> Collected material:
- - - - -

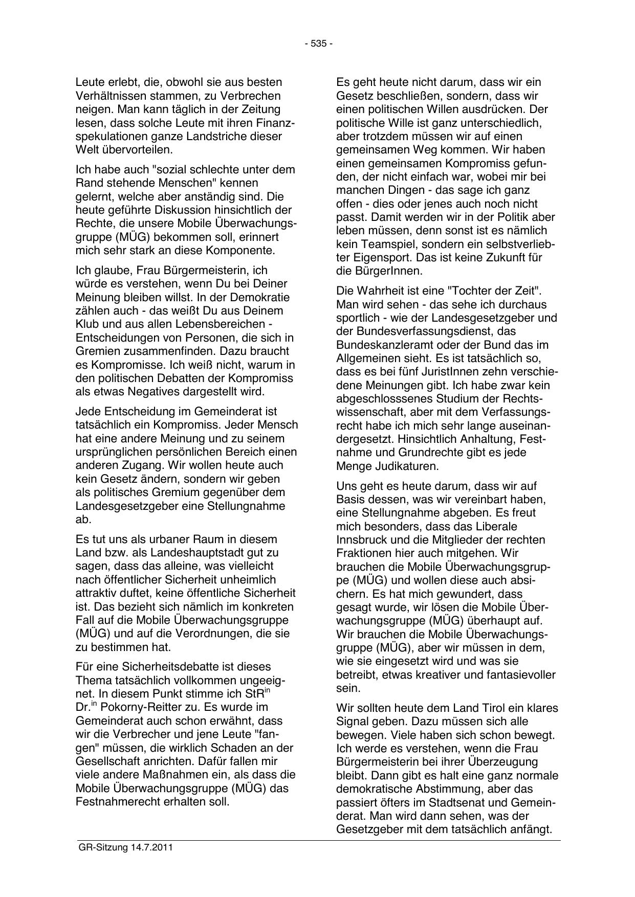 brauchen die Mobile Überwachungsgruppe (MÜG) und wollen diese auch absichern. Es hat mich gewundert, dass
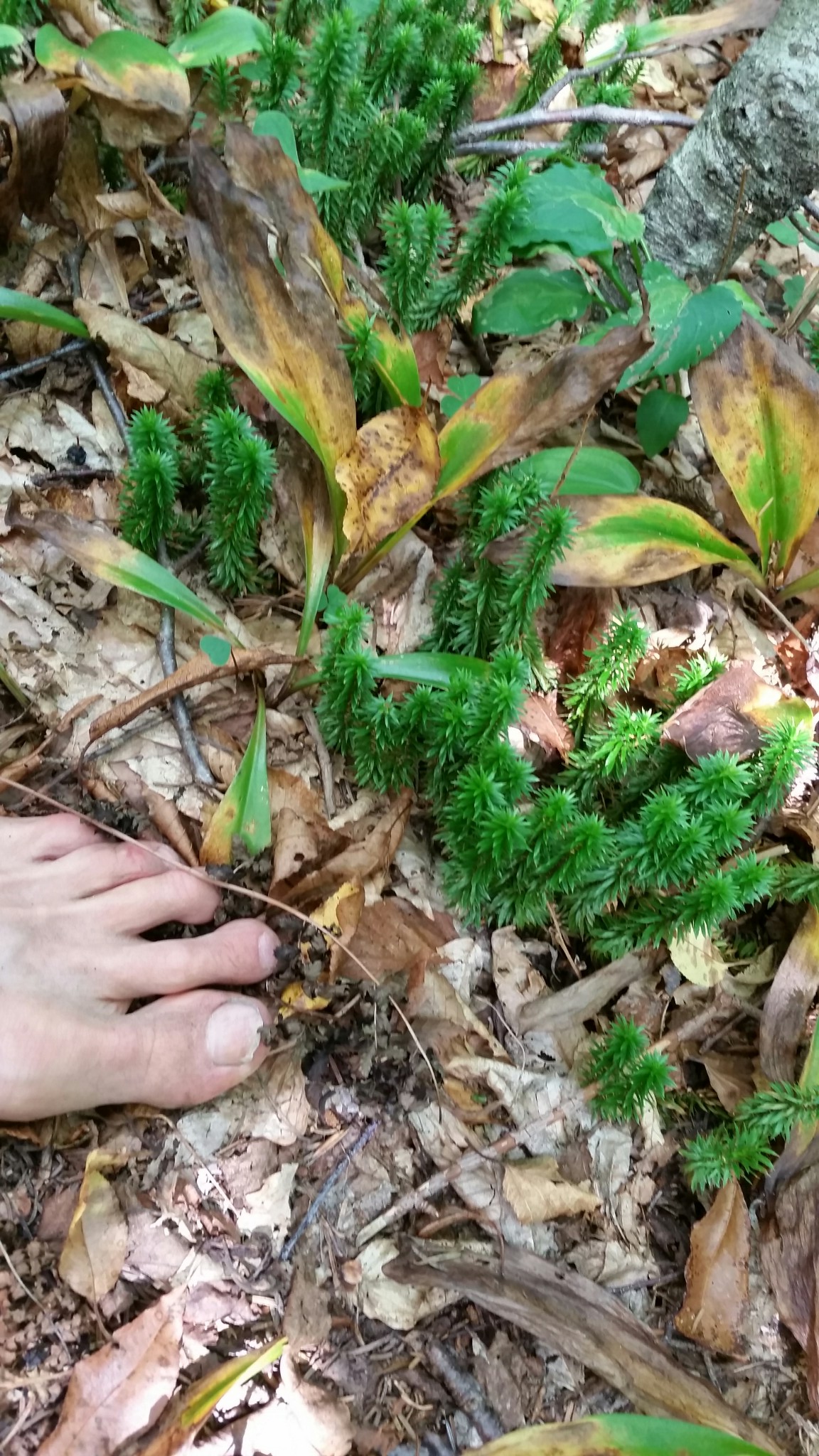 Underneath the trees, the forest floor was carpeted in shining club moss (Huperzia lucidula). During the Carboniferous period, some 360 million years ago, club moss relatives grew 100 feet tall. But over the years, they couldn’t keep up with flowering trees that propagated through seeds (rather than spores), and today the club moss is vastly reduced in stature. But it never gave up and continues to thrive to this day in the dim, cool, moist conditions of the boreal understory.
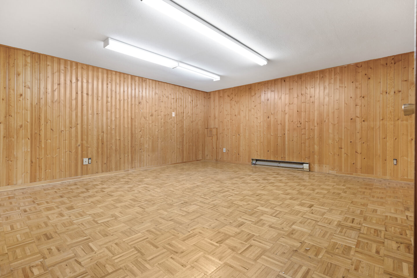 Grande salle familiale avec plancher en parquet
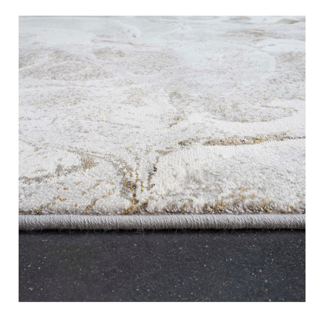 Произведен е в Белгия от 85% полипропилен термофиксиран/ 15% полиестер върху основа юта с полиестер и памук и е абстрактен килим с 3d ефект в кремав, сив и жълт цвят.

- - - - -

> Requirement:
The response should hold only an exact retyping of the lines from the beginning of the data through the line containing "Grande salle familiale", both ends kept, pictures omitted.

> Answer to this task:
 brauchen die Mobile Überwachungsgruppe (MÜG) und wollen diese auch absichern. Es hat mich gewundert, dass
 Underneath the trees, the forest floor was carpeted in shining club moss (Huperzia lucidula). During the Carboniferous period, some 360 million years ago, club moss relatives grew 100 feet tall. But over the years, they couldn’t keep up with flowering trees that propagated through seeds (rather than spores), and today the club moss is vastly reduced in stature. But it never gave up and continues to thrive to this day in the dim, cool, moist conditions of the boreal understory.
 Grande salle familiale avec plancher en parquet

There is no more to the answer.